What is required
Your result should be the lines holding the word "para", copied from the entries below.

Dataset extract
▽

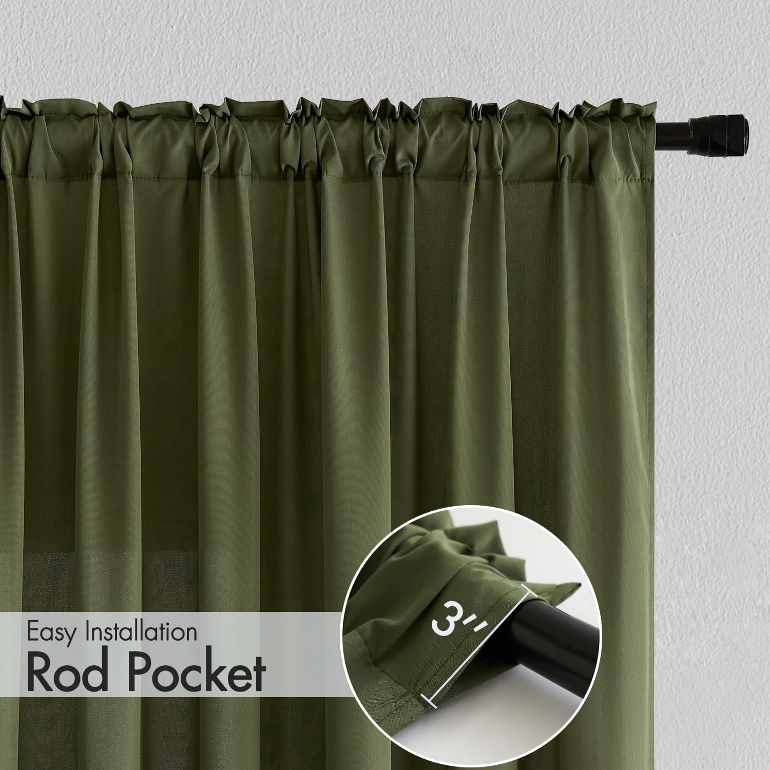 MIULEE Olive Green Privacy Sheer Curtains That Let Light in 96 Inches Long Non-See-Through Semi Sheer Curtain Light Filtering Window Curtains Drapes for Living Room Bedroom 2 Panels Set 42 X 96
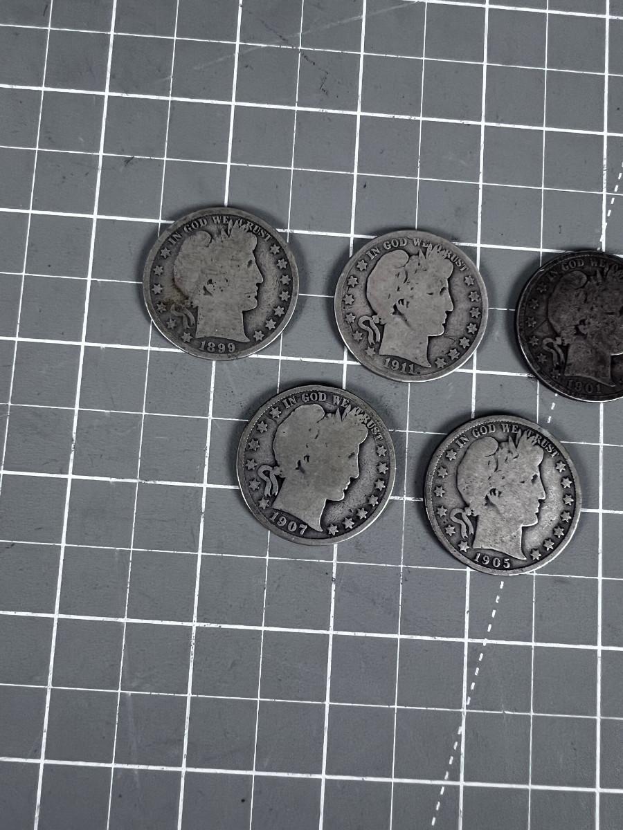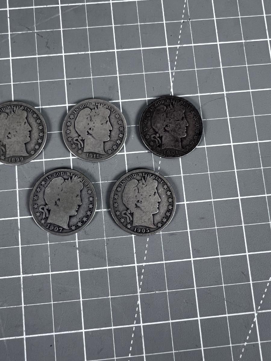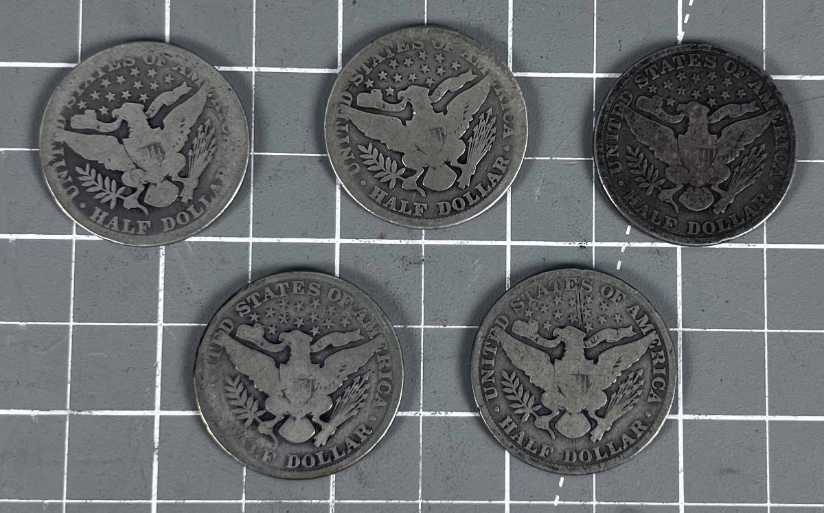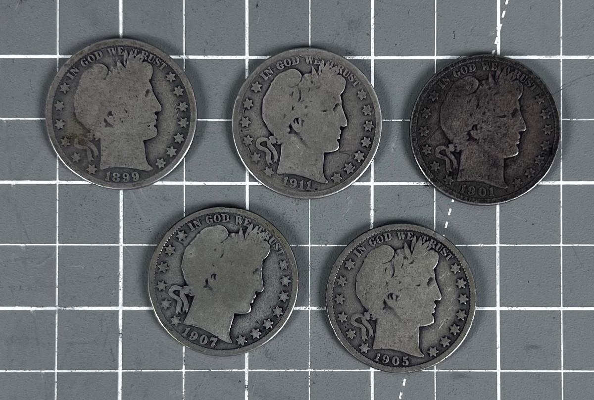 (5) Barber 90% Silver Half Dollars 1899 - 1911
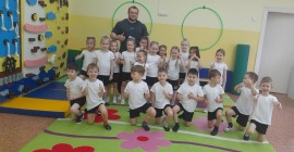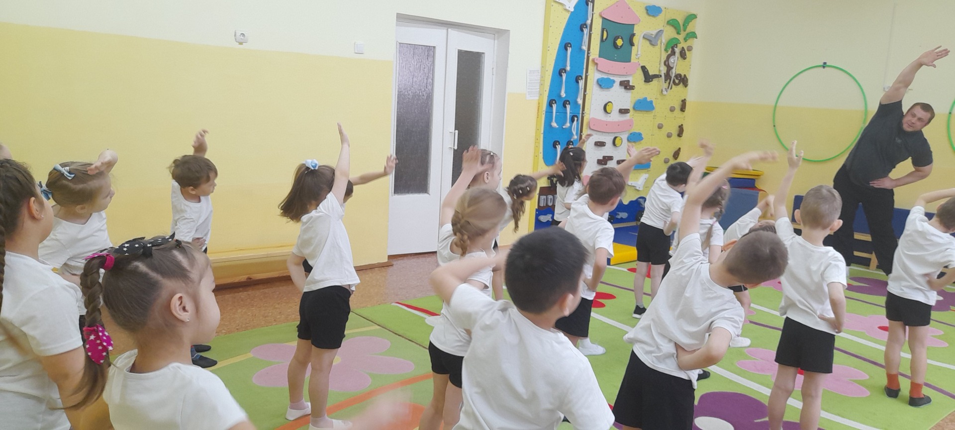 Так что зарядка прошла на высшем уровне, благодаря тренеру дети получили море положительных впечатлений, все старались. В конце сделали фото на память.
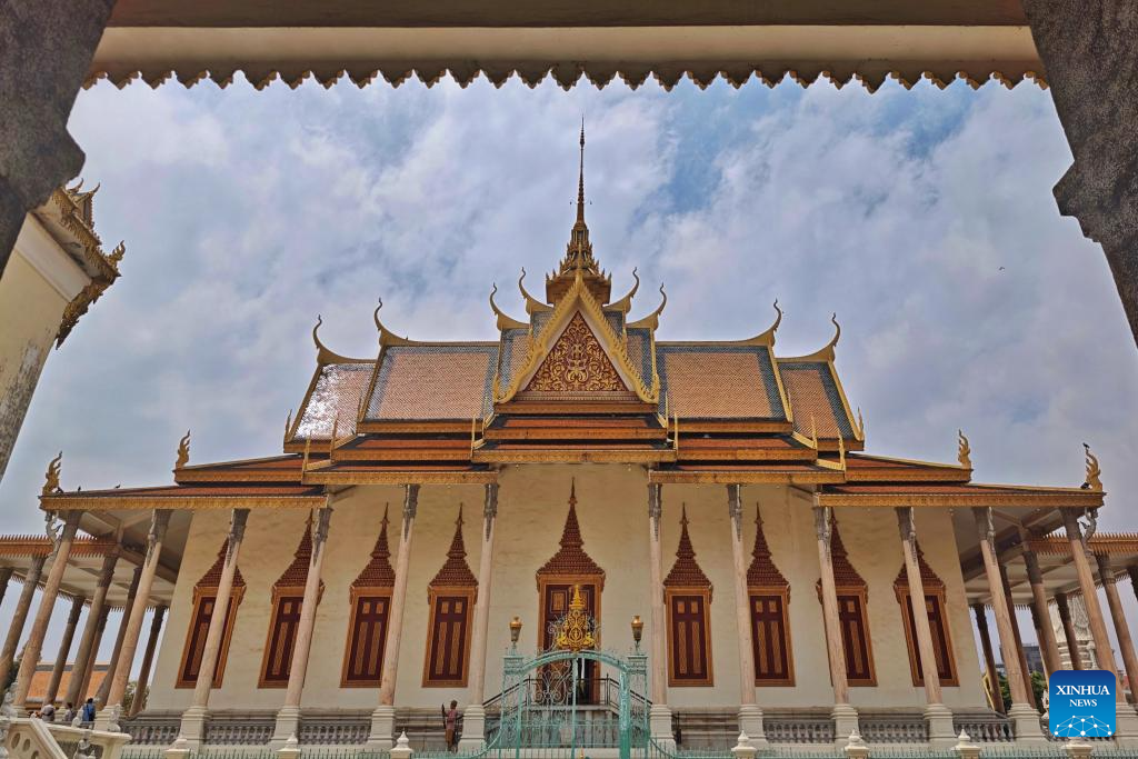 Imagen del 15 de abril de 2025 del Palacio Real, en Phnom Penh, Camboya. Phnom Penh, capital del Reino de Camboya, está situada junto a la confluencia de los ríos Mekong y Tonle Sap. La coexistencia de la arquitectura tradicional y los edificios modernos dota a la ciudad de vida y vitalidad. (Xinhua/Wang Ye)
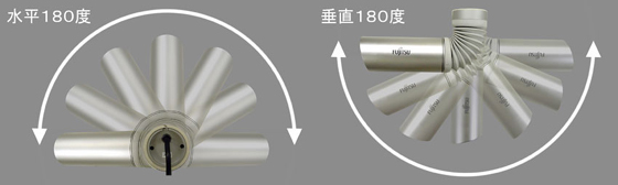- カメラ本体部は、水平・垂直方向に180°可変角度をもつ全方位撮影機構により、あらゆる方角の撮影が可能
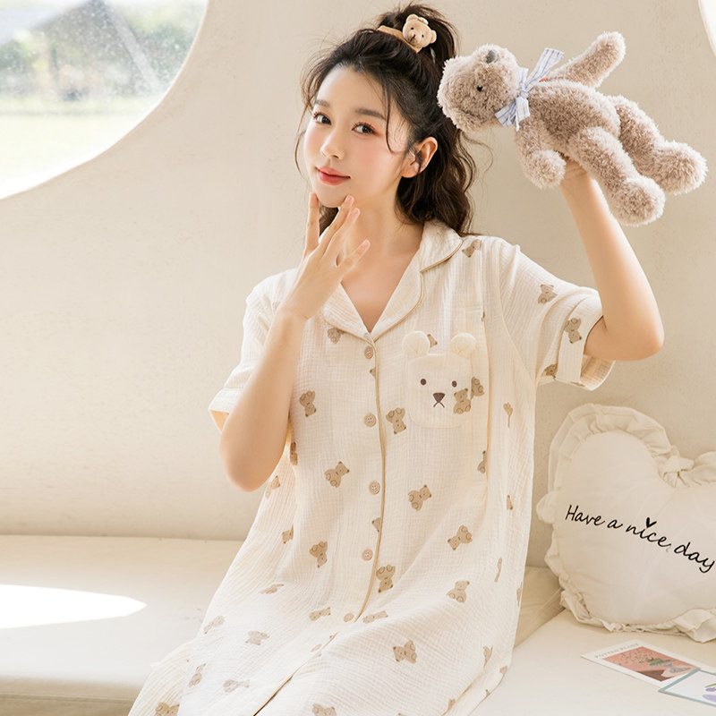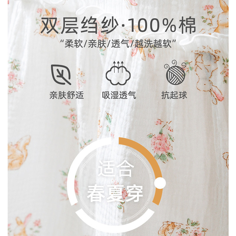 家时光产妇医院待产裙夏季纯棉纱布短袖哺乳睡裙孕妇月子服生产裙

△
▽

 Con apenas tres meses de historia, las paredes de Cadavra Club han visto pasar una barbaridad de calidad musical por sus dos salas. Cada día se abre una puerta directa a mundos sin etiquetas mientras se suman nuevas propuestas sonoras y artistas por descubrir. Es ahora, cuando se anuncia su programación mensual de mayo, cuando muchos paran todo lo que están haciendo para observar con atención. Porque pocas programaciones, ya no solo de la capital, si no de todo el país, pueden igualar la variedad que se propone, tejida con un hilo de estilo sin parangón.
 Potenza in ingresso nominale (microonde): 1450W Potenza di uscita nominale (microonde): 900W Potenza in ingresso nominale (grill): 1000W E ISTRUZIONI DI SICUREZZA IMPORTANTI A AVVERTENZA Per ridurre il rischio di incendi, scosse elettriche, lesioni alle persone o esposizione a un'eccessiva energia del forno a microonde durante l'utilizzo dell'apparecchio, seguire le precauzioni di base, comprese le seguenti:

△
▽

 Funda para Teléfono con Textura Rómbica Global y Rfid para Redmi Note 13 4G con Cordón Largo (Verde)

△

Exercise output
 Con apenas tres meses de historia, las paredes de Cadavra Club han visto pasar una barbaridad de calidad musical por sus dos salas. Cada día se abre una puerta directa a mundos sin etiquetas mientras se suman nuevas propuestas sonoras y artistas por descubrir. Es ahora, cuando se anuncia su programación mensual de mayo, cuando muchos paran todo lo que están haciendo para observar con atención. Porque pocas programaciones, ya no solo de la capital, si no de todo el país, pueden igualar la variedad que se propone, tejida con un hilo de estilo sin parangón.
 Funda para Teléfono con Textura Rómbica Global y Rfid para Redmi Note 13 4G con Cordón Largo (Verde)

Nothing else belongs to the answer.